Feb 14, 2019 · Using brain organoids to uncover causes of neuropsychiatric disorders

Mayo Clinic and Yale University collaborated in a study published in Science to create a new model for studying neuropsychiatric disorders in early human brain development. This unique collaboration brought together Mayo Clinic’s team-based, patient-centered research with Yale researchers to discover and analyze the genetic mechanisms that may cause these disorders.

The Mayo Clinic team, led by biomedical scientist Alexej Abyzov, Ph.D., used the organoid model to analyze artificially grown cells that resemble the brain (brain organoids) to outline groups of developmental genes and regulatory elements related to the cause of autism.

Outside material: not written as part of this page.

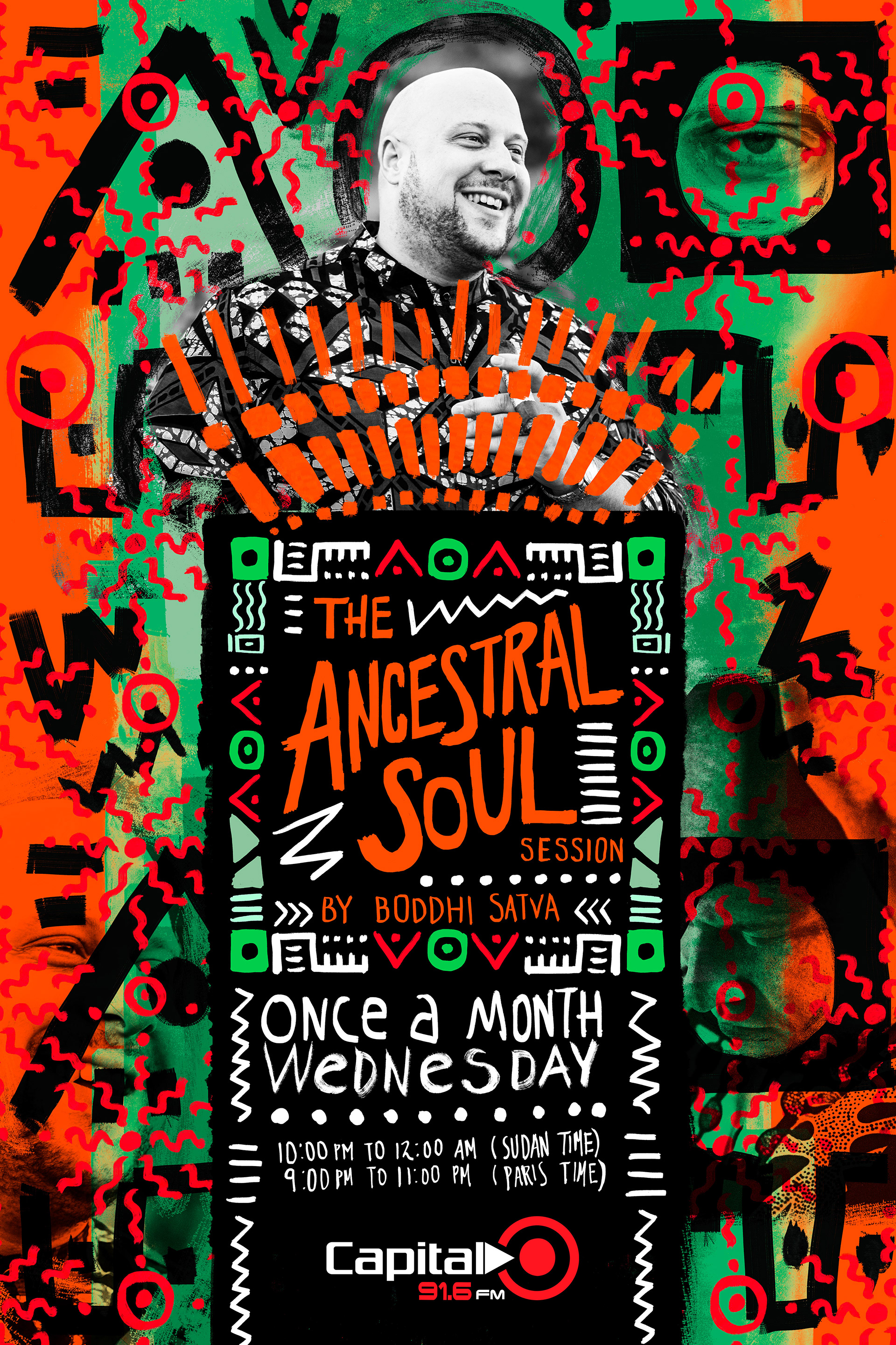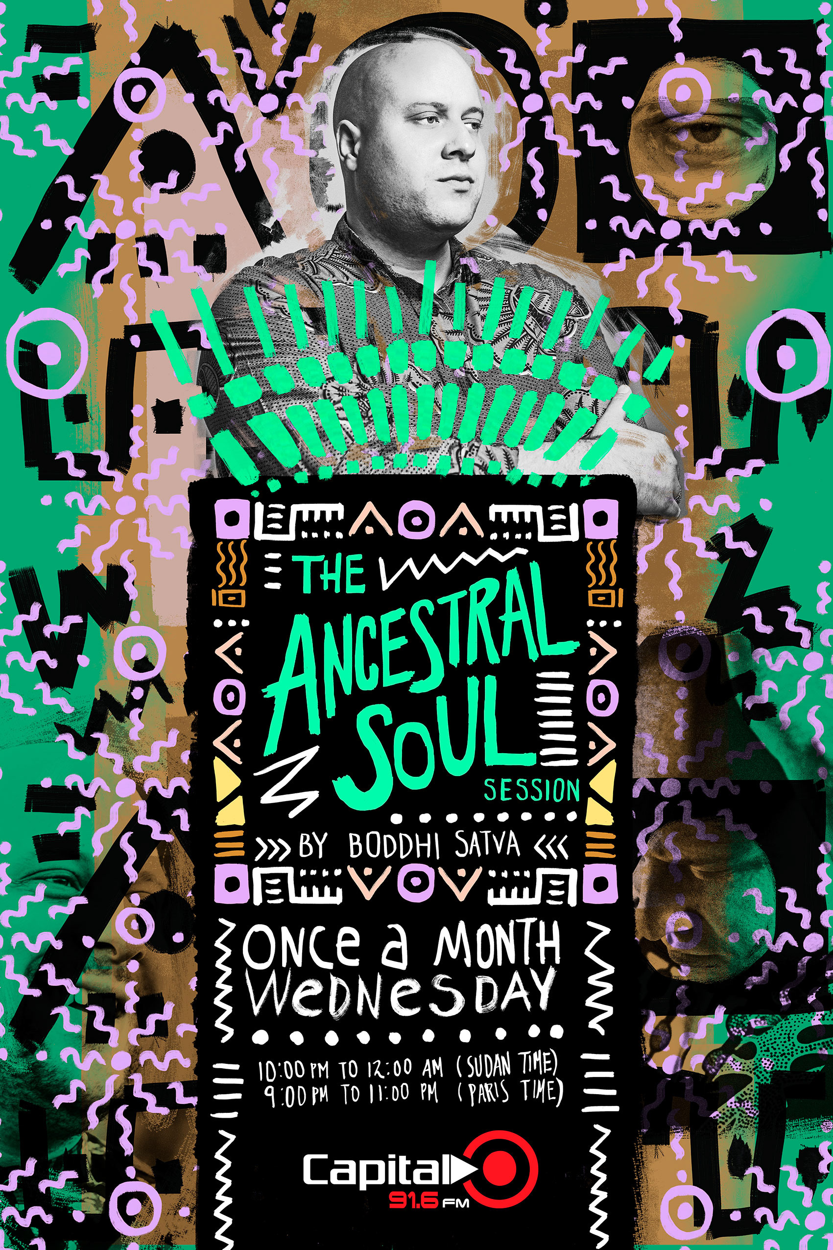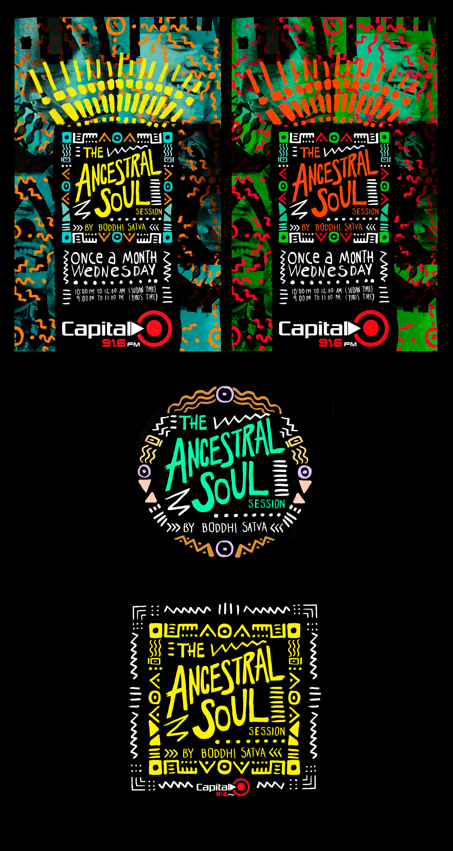 Promos design for THE ANCESTRAL SOUL SESSION, a monthly radio show of Boddhi Satva on Capital Radio / Sudan

Researchers know that genes implicated in neuropsychiatric disorders are active in the human fetal brain. However, systematic and comprehensive studies are hampered due to the difficulty in getting fetal brain tissue. According to Dr. Abyzov, the power of organoids is that they can be created from the skin cells of any individual.

“Using brain organoids helps to uncover the genetic underprints of these disorders and helps identify functional elements that may drive disease onset,” says Dr. Abyzov. “Our results suggest that organoids may reveal how noncoding mutations contribute to the cause of autism. By understanding the cause of autism this research may lead to assessing the personal risk for other neuropsychiatric disorders.”

The research team set out to discover gene-regulatory elements and chart their dynamic activity during prenatal human brain development, focusing on enhancers (the short region of DNA), which carry most of the weight upon regulation of gene expression.

“Over a period of time we modeled human brain development using human-derived brain organoids and compared those organoids to fetal brain tissue that had the same genotype,” says Dr. Abyzov. “This study validated that using brain organoids is a suitable model system for studying gene regulation in human embryonic brain development, evolution and disease.”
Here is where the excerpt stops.